__What is required__
Lines with the word "LDplus" are the ones wanted. Copy each of them from the entries below.
· · · · · · ·
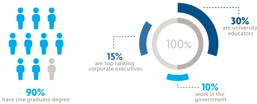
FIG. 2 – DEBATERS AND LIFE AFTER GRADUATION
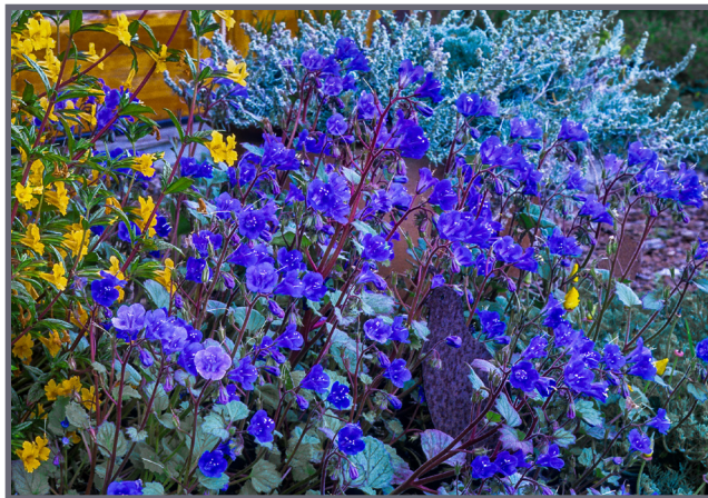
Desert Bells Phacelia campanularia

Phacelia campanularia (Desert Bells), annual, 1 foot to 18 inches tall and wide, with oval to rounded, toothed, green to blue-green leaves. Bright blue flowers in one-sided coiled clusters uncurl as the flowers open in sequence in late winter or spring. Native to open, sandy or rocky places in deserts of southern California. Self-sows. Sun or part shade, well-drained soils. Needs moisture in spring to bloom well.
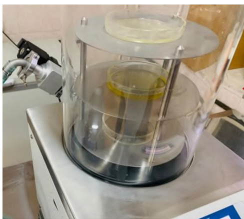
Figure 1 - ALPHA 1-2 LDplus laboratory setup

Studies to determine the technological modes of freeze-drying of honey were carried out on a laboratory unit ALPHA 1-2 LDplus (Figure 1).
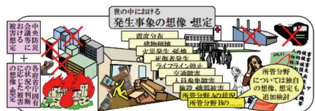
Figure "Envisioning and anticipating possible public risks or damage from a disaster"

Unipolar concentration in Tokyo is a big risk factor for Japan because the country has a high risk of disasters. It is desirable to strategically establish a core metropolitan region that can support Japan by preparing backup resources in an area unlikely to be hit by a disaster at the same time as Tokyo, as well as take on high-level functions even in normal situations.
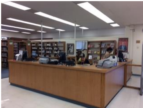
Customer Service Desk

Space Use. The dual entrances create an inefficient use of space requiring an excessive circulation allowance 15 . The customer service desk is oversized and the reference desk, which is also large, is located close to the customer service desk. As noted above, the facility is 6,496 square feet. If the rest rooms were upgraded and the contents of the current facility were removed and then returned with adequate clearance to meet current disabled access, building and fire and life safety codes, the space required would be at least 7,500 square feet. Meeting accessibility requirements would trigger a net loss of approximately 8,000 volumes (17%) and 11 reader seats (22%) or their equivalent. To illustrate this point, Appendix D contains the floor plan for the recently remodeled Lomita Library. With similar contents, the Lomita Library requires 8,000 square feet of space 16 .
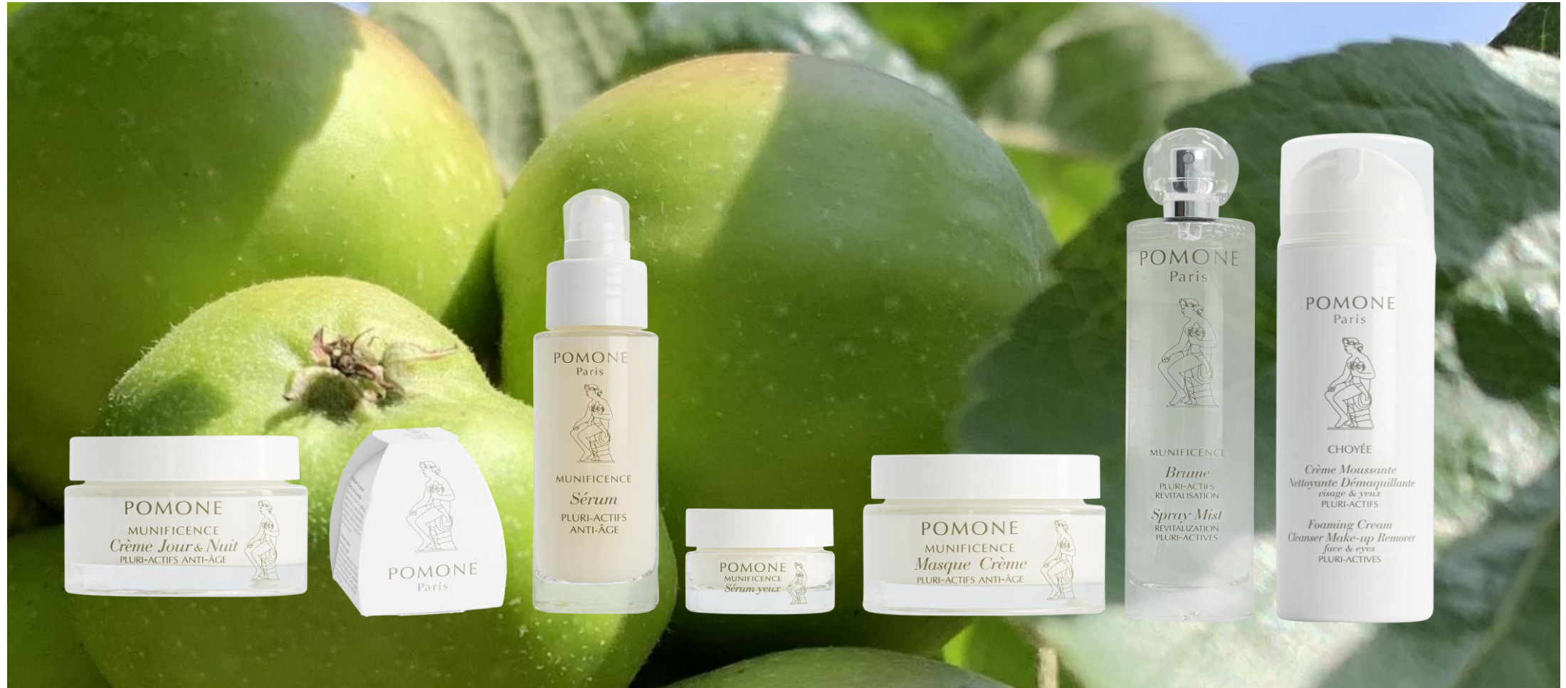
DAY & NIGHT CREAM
· · · · · · ·
__Solution for this exercise__
Figure 1 - ALPHA 1-2 LDplus laboratory setup
Studies to determine the technological modes of freeze-drying of honey were carried out on a laboratory unit ALPHA 1-2 LDplus (Figure 1).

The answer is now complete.